Research Article | Open Access

Volume 2017 | Article ID 5202913 | https://doi.org/10.1155/2017/5202913

Genetic Variability of Exotic Sugarcane Genotypes

M. N. Alam,¹Ujjal Kumar Nath,²K. M. R. Karim,³M. M. Ahmed,¹and R. Y. Mitul²

Academic Editor: Shamsul Hayat

Received30 May 2017

Accepted11 Sept 2017

Published03 Dec 2017

Abstract

Sugarcane is the main sugar producing crop in Bangladesh. However, improvement of this crop through breeding is limited due to lack of genetic diversity. Therefore, genetic variability and diversity assessment are necessarily important for the foreign introduced materials. Experiment was conducted with 9 exotic sugarcane genotypes at Regional Station, Bangladesh Sugar Crop Research Institute, Gazipur, during 2012-13, following RCBD. Data were collected on different growth and yield contributing characters. Individual cane weight exhibited high genotypic coefficient of variation and phenotypic coefficient of variation. Leaf blade length, leaf blade width, fresh leaf weight, dried leaf weight, number of tillers, millable cane, bud size, cane diameter, internodes number, internode length, plant height, stalk length, brix%, and individual cane weight showed high heritability. Individual cane weight showed highly significant and positive correlation with cane diameter, internode length, and stalk length, whereas path coefficient analysis revealed that cane diameter had maximum positive direct effect on individual cane weight followed by internode length, number of tillers, and chlorophyll content. Results indicate that the genotypes should be selected on the basis of individual cane weight, cane diameter, and millable canes number for future breeding to get higher sugarcane yield in respect to juice and brix content.

1. Introduction

Sugarcane is the leading sugar producing crop in the world as well as in Bangladesh. It provides about 75% of the sugar harvested for human consumption [1, 2]. The average yield of sugarcane in Bangladesh is about 41.2 tons/hectare which is far below from the existing standard; therefore, possibilities could be exploited through collaboration among research stations and progressive growers [3]. Sugarcane is a long duration field crop which occupies the land up to 12–18 months for its maturity.
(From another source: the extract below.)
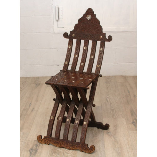 Antique Syrian Moorish Mother of Pearl Inlaid Folding Chair 19thC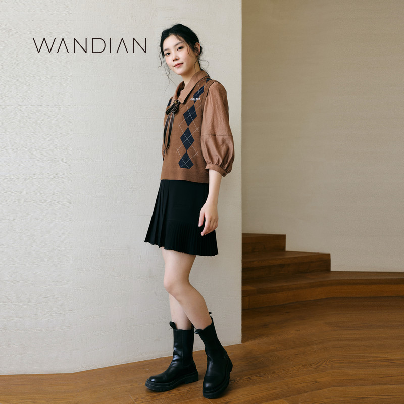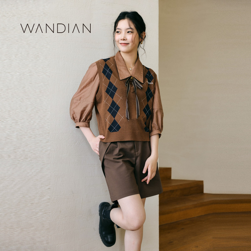 婉甸秋季 1233W13RS2 日常上班沙褐色毛织背心上装

It is considered as a time-consuming crop compared to other traditional field crops grown in Bangladesh. Therefore, sustainability of sugarcane cultivation in this country is threatened. To sustain sugarcane production and to improve the productivity, tolerance to biotic and abiotic stresses, nutrient management, and improved sugar recovery are of the major concerns. Development of varieties is important consideration that would be highly productive and tolerant against biotic and abiotic factors with the changing climate. Coefficients of variation with heritability as well as genetic advance are very essential to improve any trait of sugarcane because this would help in informing whether or not the desired objective can be achieved from the material [4]. Therefore, the objective of present study was to narrate the nature and extent of genetic variability and phenotypic and genotypic variability of sugarcane varieties in some exotic traits in Bangladesh.

2. Materials and Methods

The experiment was conducted at Regional Station, Bangladesh Sugar crop Research Institute, Gazipur, during 2012-13 cropping season under Madhupur Tract soil, following Randomized Completely Block Design (RCBD) with three replicates. Nine exotic genotypes of sugarcane, namely, GT11, GT15, GT17, VMC86-550, HoCP85-845, HoCP96-540, HoCP95-988, HoCP91-555, and CB45-3, were collected from Quarantine Station, Bangladesh Sugar Crop Research Institute, Gazipur. The two-eyed setts of each genotype were planted in 6 m × 5 m size plot. Line to line distance was 1 m and plot to plot was 2 m. Setts were placed in the furrow following end to end method. Data were collected on different growth and yield contributing characters. Intercultural operations like weeding, earthen-up, mulching, and irrigation were done as per required schedule. Leaf chlorophyll content (SPAD index) was estimated using a SPAD-502 plus chlorophyll meter [5]. The collected data were analyzed by different statistical software, namely. MSTAT-C [6], PLABSTAT, and STAR [7] program for variability and diversity analysis. Analysis of variance was performed using the Plant Breeding Statistical Program [8].

2.1. Estimation of Genotypic and Phenotypic Variances

Genotypic and phenotypic variances were calculated using the following formula [9, 10]:where GMS is genotypic mean square, EMS is error mean square, is number of replication, and phenotypic variance is .

2.2. Estimation of Genotypic Coefficient of Variation (GCV) and Phenotypic Coefficient of Variation (PCV)

Phenotypic (PCV) and genotypic (GCV) coefficients of variation were evaluated according to the methods as follows [10–13]:where is genotypic variance and is population mean.where is phenotypic variance and is population mean.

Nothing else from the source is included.